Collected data
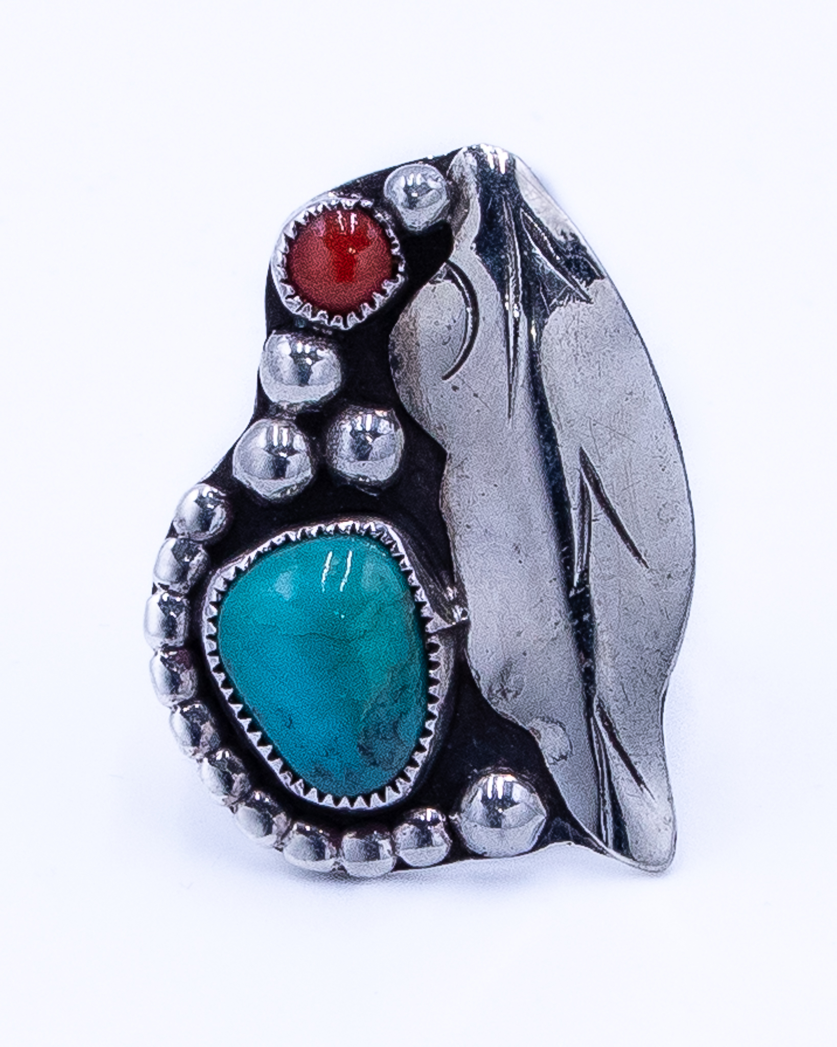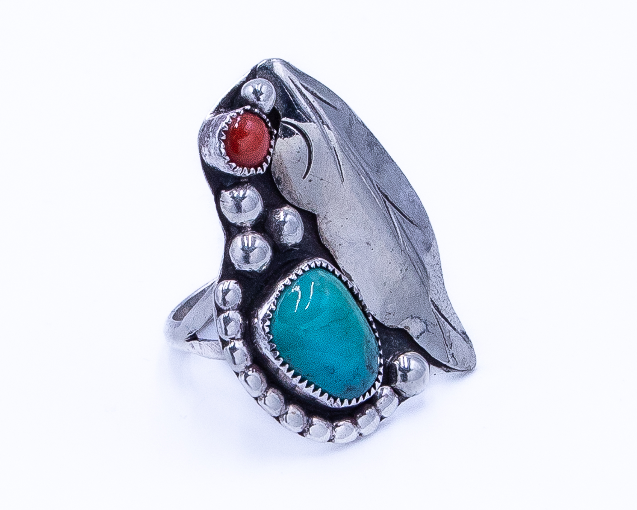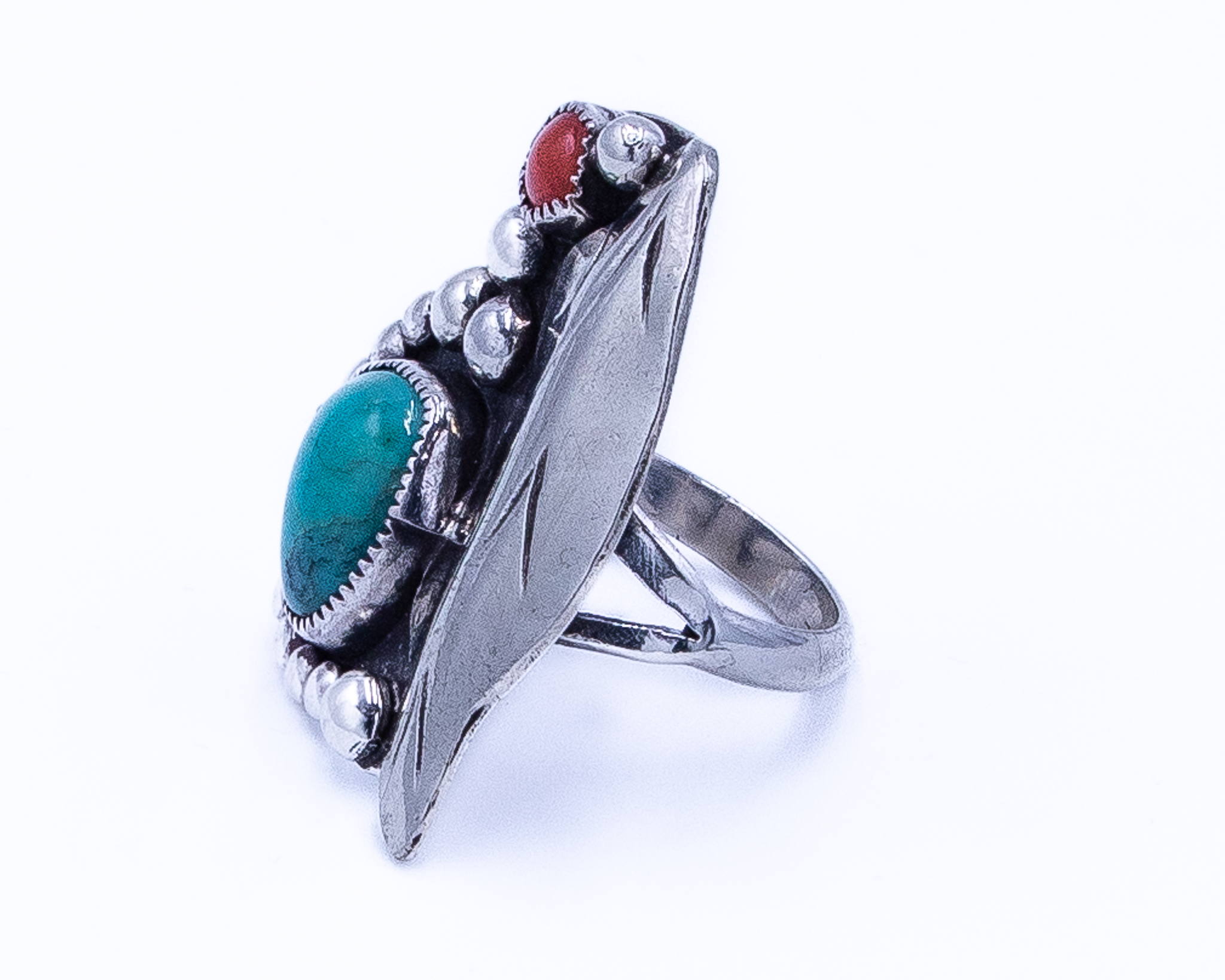 Navajo Turquoise Coral Sterling Ring Sz 8.25, 9.5g
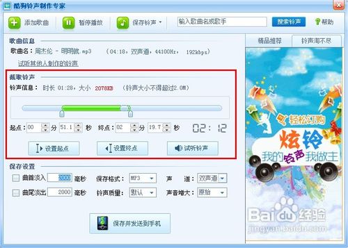歌曲添加完成后,即可進(jìn)行剪切了,其實(shí)操作非常簡(jiǎn)單,我們只需要將播放進(jìn)度條下面的“起始滑塊”和“結(jié)束滑塊”定位到想要剪切的位置;或者我們可以直接在下面的時(shí)間欄輸入相應(yīng)的起始時(shí)間和結(jié)束時(shí)間,再點(diǎn)擊“試聽(tīng)鈴聲”,試聽(tīng)下截取的片段是否滿意
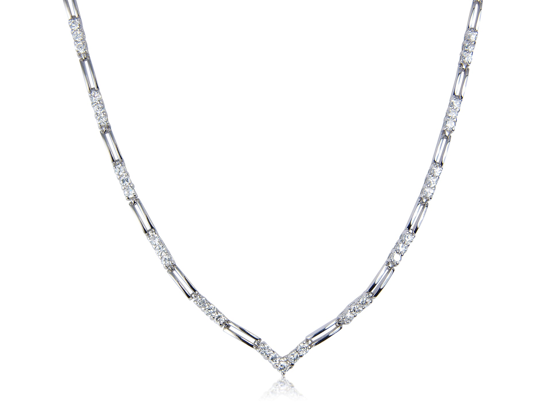 White Cubic Zirconia and Sterling Silver V Shape Necklace
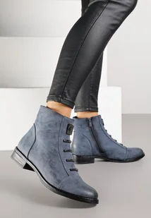 Niebieskie Botki Trzewiki z Metalicznymi Klamrami Asanella
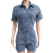 Fashion Stand Collar Short Sleeve Front Button Old-washed Denim Romper
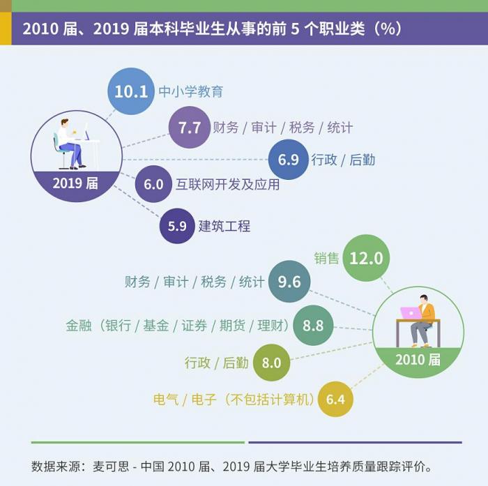与2010届相比,2019届本科生就业比例增加最多的职业类为“中小学教育”(增加7.5个百分点),其次是互联网开发及应用(增加4.2个百分点)。
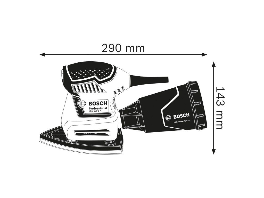 Vibrační bruska GSS 160 Multi, GSS 160 Professional Multi je kompaktní a ergonomická síťová vibrační bruska od firmy Bosch, která je schopná zvládat různé úkoly, včetně broušení v rozích. Ergonomická opěrka dlaně zajišťují snadné a pohodlné ovládání. Součástí jsou tři vyměnitelné podložky, které umožňují práci na okrajích a v rozích i na menších plochých površích. Nádoba na prach je osazena vestavěným mikrofiltračním systémem Bosch zajišťujícím efektivní odsávání prachu pro prakticky bezprašnou práci Tato vibrační bruska je určena na mezibroušení, dokončování povrchů a broušení v rozích a na menších plochých površích. Lze použít na dřevo, dýhu, lak, plniva i minerály a akryl. Je kompatibilní se systémem Bosch Click & Clean. GSS 160 Professional Multi obsahuje též upínací systém se suchým zipem na připevnění brusného papíru a díky svému designu umožňuje používání jednou rukou. L-BOXX 136 (1 600 A01 2G0); Vložka pro L-BOXX; Děrovací nástroj (2 608 190 059); Šroubovák; Box na prach (2 605 411 240) vč. mikrofiltru (2 605 411 241); 1× brusný list C470, Best for Wood + Paint, 120 (dostupný samostatně jako sada 10 ks: 2 608 607 232); 1× brusný list C470, Best for Wood + Paint, 120 (dostupný samostatně jako sada 10 ks: 2 608 607 458); 1× brusný list C470, Best for Wood + Paint, 120 (dostupný samostatně jako sada 10 ks: 2 608 608 Z96); Základní trojúhelníková deska, 100 × 150 mm (2 608 601 448) s brusnou deskou (2 608 601 445); Základní deska, 113 × 101 mm (2 608 601 446) s brusnou deskou (2 608 601 443); Základní deska, 80 × 130 mm (2 608 601 447) s brusnou deskou (2 608 601 444)Doplňkové parametry
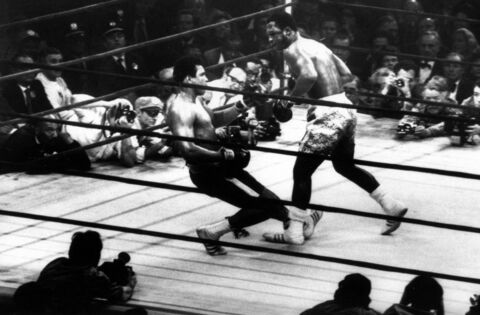 Joe Frazier knocks down Cassius Clay in the fifteenth and final round of their heavyweight title fight which he won at Madison Square Garden on March 8, 1971. A few months later Frazier was fronting his own band in Castlebar's Royal Ballroom. Picture: INPHO/Allsport
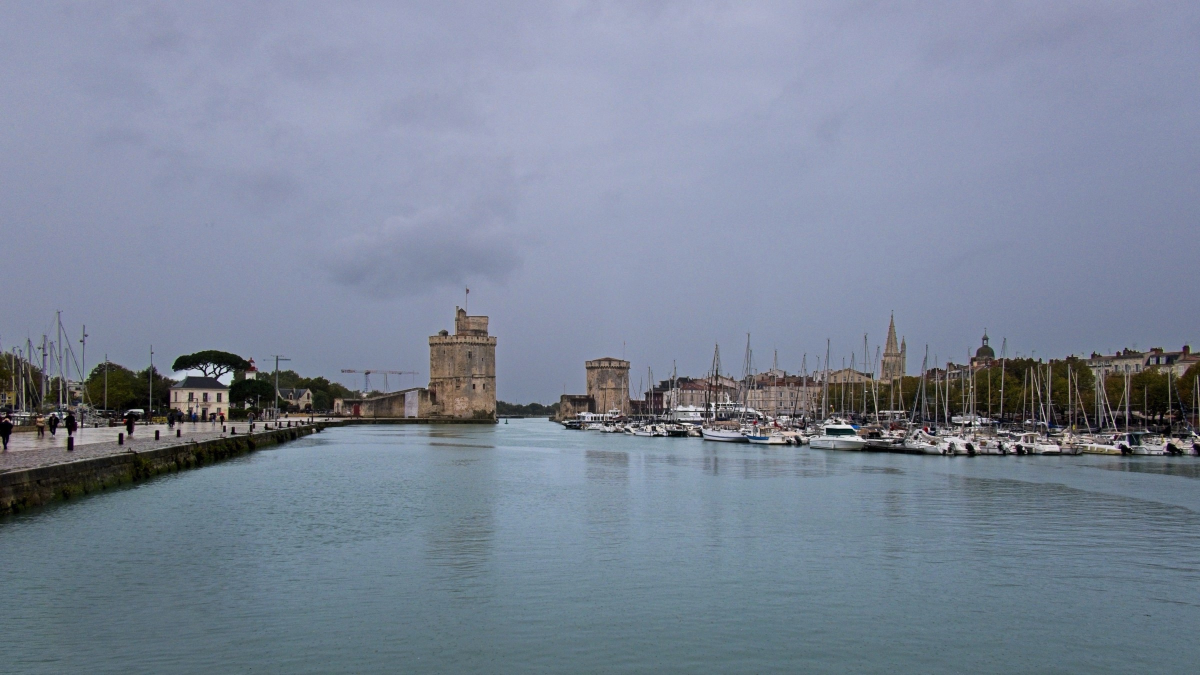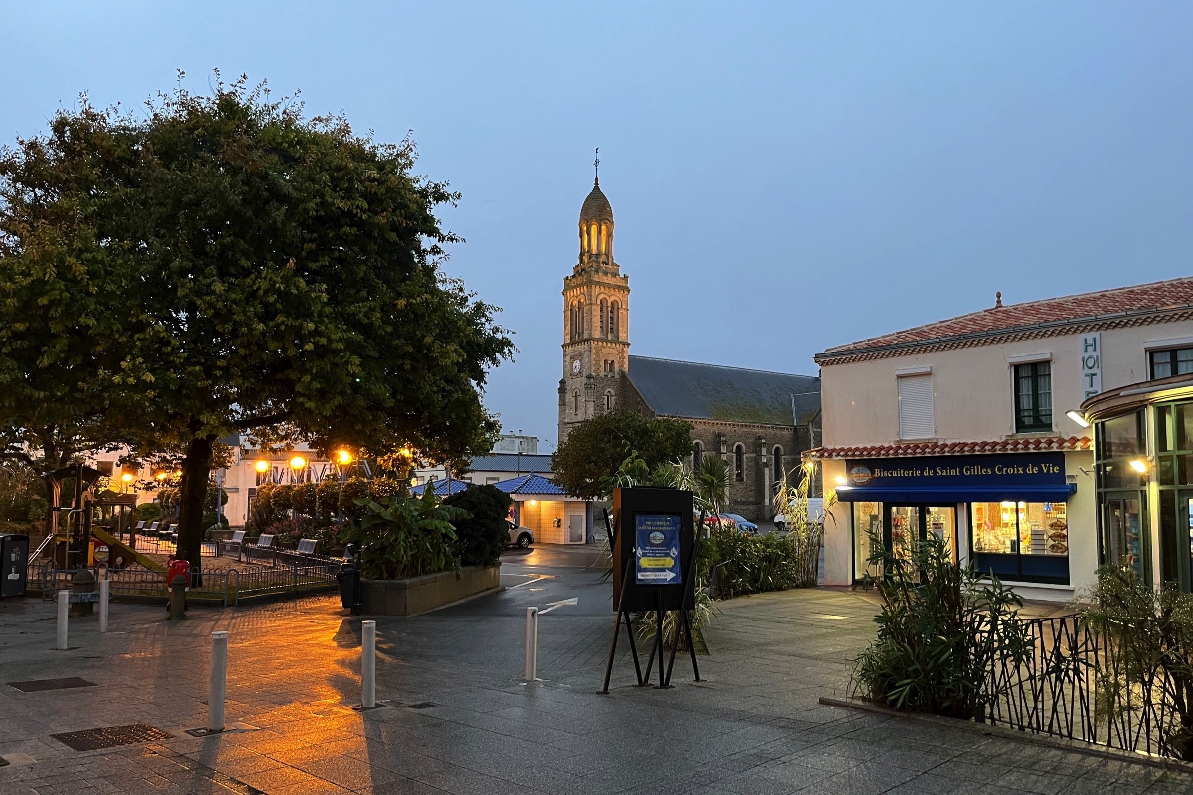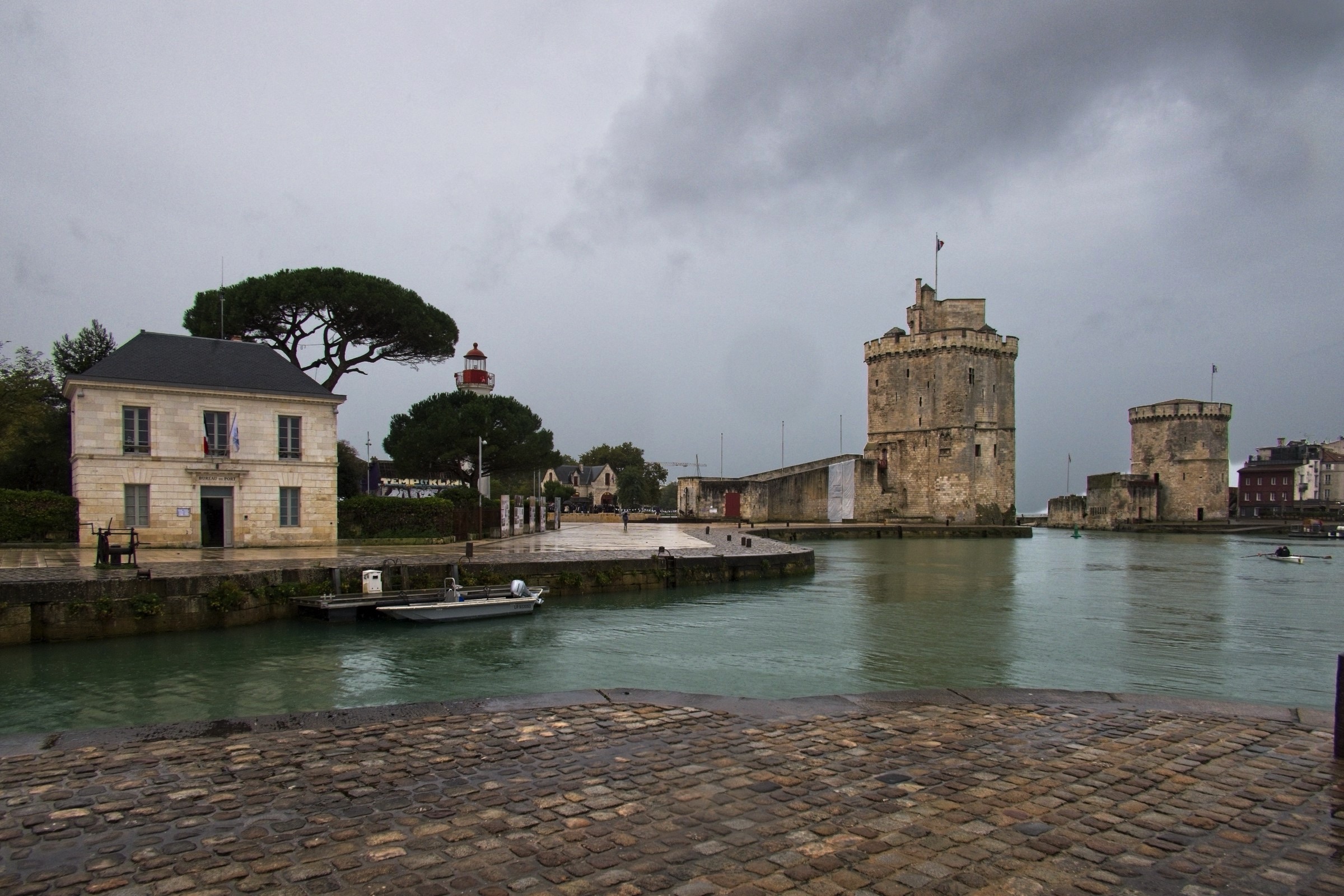 The day started promisingly with a little sunshine as I drove up the Medoc peninsula following the route du vin, Bordeaux, to Le Verdon-sur-mer to catch the ferry to Royan, across the mouth of the Girande estuary. There was a forecast of rain later but I could not have imagined how heavy and prolonged it would be. Light rain on the ferry continued to Saintes for a charge to the car and a panini for lunch but within a few minutes of heading towards La Rochelle the rain just built and built. Heavy at La Rochelle and torrential at Le Roche sur Y’on and then all of the way to my overnight at St Gilles-Crois-de-Vie. (the Vie refers to the river that bisects the town). In many places the road was pretty much flooded, particularly on the dual carriageways around Le Roche. The resut was a little traffic chaos and a couple of detours. Fortunately when it came time to head out for dinner the rain had passed. The problem then was to find anywhere open. The hotel recommended restaurant was closed, the Google top recommendation was closed, in fact but for a couple of bars and takeaway pizza places there was only one proper restaurant open and as I noted on a Facebook post, it was packed and the food and drink were just fine. I managed to get my dailly excercise wandering the streets in search of sustenace, so all good. Not too many picture opportunities today, one because of the weather and the other was time constraits to catch a suitable ferry. Anyway here are a few wine route pictures, including the headline and include a stop in Pauillac, situated on the Girande, and I could not resist one at the entrance to Chateaux Latour, not that I can afford the wine. I remembered from a previous trip here about 20 years ago the unusual fishing system along the river. I am sure it must work. It was fascinating passing so many places famous with wine named for them. Included is a snap of the empty deck on the ferry after we had all retreated to avoid the increasing drizzle. I drive down to the old port in La Rochelle and got soaked taking a handful of pictures. I’ll finish with a few pictures in St Gilles where one could have fired the proverbial automatic weapon and not hit a soul. Another interesting day and a good test of the car’s defoging system. It works well without killing the range.
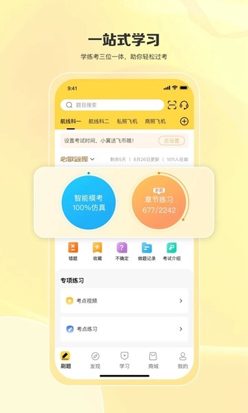 飞行之翼app官方版除了课程多,还特别实用,它能实时告诉你考试时间,还能让你做模拟考试,看看自己学得怎么样,还有章节练习和错题统计,帮你更好地记住知识点,提高考试成绩,让你能够轻松获取各种航空知识,提升自己的飞行技能和素养,早日成为一个优秀的飞行员。
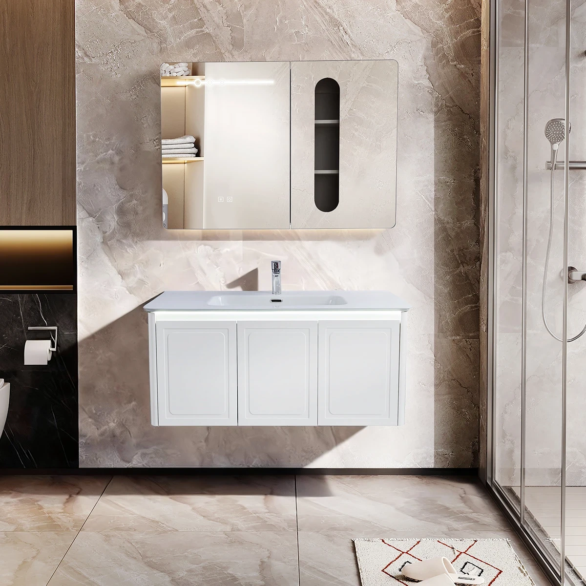 Zestaw Szafka – 100cm, umywalka, lustro z szafką – SU-812 – SWISS MEYER

### Problem statement
Would you print all the entries again exactly, minus any pictures?

### Response area
 Navajo Turquoise Coral Sterling Ring Sz 8.25, 9.5g
歌曲添加完成后,即可進(jìn)行剪切了,其實(shí)操作非常簡(jiǎn)單,我們只需要將播放進(jìn)度條下面的“起始滑塊”和“結(jié)束滑塊”定位到想要剪切的位置;或者我們可以直接在下面的時(shí)間欄輸入相應(yīng)的起始時(shí)間和結(jié)束時(shí)間,再點(diǎn)擊“試聽(tīng)鈴聲”,試聽(tīng)下截取的片段是否滿意
 White Cubic Zirconia and Sterling Silver V Shape Necklace
 Niebieskie Botki Trzewiki z Metalicznymi Klamrami Asanella
 Fashion Stand Collar Short Sleeve Front Button Old-washed Denim Romper
与2010届相比,2019届本科生就业比例增加最多的职业类为“中小学教育”(增加7.5个百分点),其次是互联网开发及应用(增加4.2个百分点)。
 Vibrační bruska GSS 160 Multi, GSS 160 Professional Multi je kompaktní a ergonomická síťová vibrační bruska od firmy Bosch, která je schopná zvládat různé úkoly, včetně broušení v rozích. Ergonomická opěrka dlaně zajišťují snadné a pohodlné ovládání. Součástí jsou tři vyměnitelné podložky, které umožňují práci na okrajích a v rozích i na menších plochých površích. Nádoba na prach je osazena vestavěným mikrofiltračním systémem Bosch zajišťujícím efektivní odsávání prachu pro prakticky bezprašnou práci Tato vibrační bruska je určena na mezibroušení, dokončování povrchů a broušení v rozích a na menších plochých površích. Lze použít na dřevo, dýhu, lak, plniva i minerály a akryl. Je kompatibilní se systémem Bosch Click & Clean. GSS 160 Professional Multi obsahuje též upínací systém se suchým zipem na připevnění brusného papíru a díky svému designu umožňuje používání jednou rukou. L-BOXX 136 (1 600 A01 2G0); Vložka pro L-BOXX; Děrovací nástroj (2 608 190 059); Šroubovák; Box na prach (2 605 411 240) vč. mikrofiltru (2 605 411 241); 1× brusný list C470, Best for Wood + Paint, 120 (dostupný samostatně jako sada 10 ks: 2 608 607 232); 1× brusný list C470, Best for Wood + Paint, 120 (dostupný samostatně jako sada 10 ks: 2 608 607 458); 1× brusný list C470, Best for Wood + Paint, 120 (dostupný samostatně jako sada 10 ks: 2 608 608 Z96); Základní trojúhelníková deska, 100 × 150 mm (2 608 601 448) s brusnou deskou (2 608 601 445); Základní deska, 113 × 101 mm (2 608 601 446) s brusnou deskou (2 608 601 443); Základní deska, 80 × 130 mm (2 608 601 447) s brusnou deskou (2 608 601 444)Doplňkové parametry
 Joe Frazier knocks down Cassius Clay in the fifteenth and final round of their heavyweight title fight which he won at Madison Square Garden on March 8, 1971. A few months later Frazier was fronting his own band in Castlebar's Royal Ballroom. Picture: INPHO/Allsport
 The day started promisingly with a little sunshine as I drove up the Medoc peninsula following the route du vin, Bordeaux, to Le Verdon-sur-mer to catch the ferry to Royan, across the mouth of the Girande estuary. There was a forecast of rain later but I could not have imagined how heavy and prolonged it would be. Light rain on the ferry continued to Saintes for a charge to the car and a panini for lunch but within a few minutes of heading towards La Rochelle the rain just built and built. Heavy at La Rochelle and torrential at Le Roche sur Y’on and then all of the way to my overnight at St Gilles-Crois-de-Vie. (the Vie refers to the river that bisects the town). In many places the road was pretty much flooded, particularly on the dual carriageways around Le Roche. The resut was a little traffic chaos and a couple of detours. Fortunately when it came time to head out for dinner the rain had passed. The problem then was to find anywhere open. The hotel recommended restaurant was closed, the Google top recommendation was closed, in fact but for a couple of bars and takeaway pizza places there was only one proper restaurant open and as I noted on a Facebook post, it was packed and the food and drink were just fine. I managed to get my dailly excercise wandering the streets in search of sustenace, so all good. Not too many picture opportunities today, one because of the weather and the other was time constraits to catch a suitable ferry. Anyway here are a few wine route pictures, including the headline and include a stop in Pauillac, situated on the Girande, and I could not resist one at the entrance to Chateaux Latour, not that I can afford the wine. I remembered from a previous trip here about 20 years ago the unusual fishing system along the river. I am sure it must work. It was fascinating passing so many places famous with wine named for them. Included is a snap of the empty deck on the ferry after we had all retreated to avoid the increasing drizzle. I drive down to the old port in La Rochelle and got soaked taking a handful of pictures. I’ll finish with a few pictures in St Gilles where one could have fired the proverbial automatic weapon and not hit a soul. Another interesting day and a good test of the car’s defoging system. It works well without killing the range.
 飞行之翼app官方版除了课程多,还特别实用,它能实时告诉你考试时间,还能让你做模拟考试,看看自己学得怎么样,还有章节练习和错题统计,帮你更好地记住知识点,提高考试成绩,让你能够轻松获取各种航空知识,提升自己的飞行技能和素养,早日成为一个优秀的飞行员。
 Zestaw Szafka – 100cm, umywalka, lustro z szafką – SU-812 – SWISS MEYER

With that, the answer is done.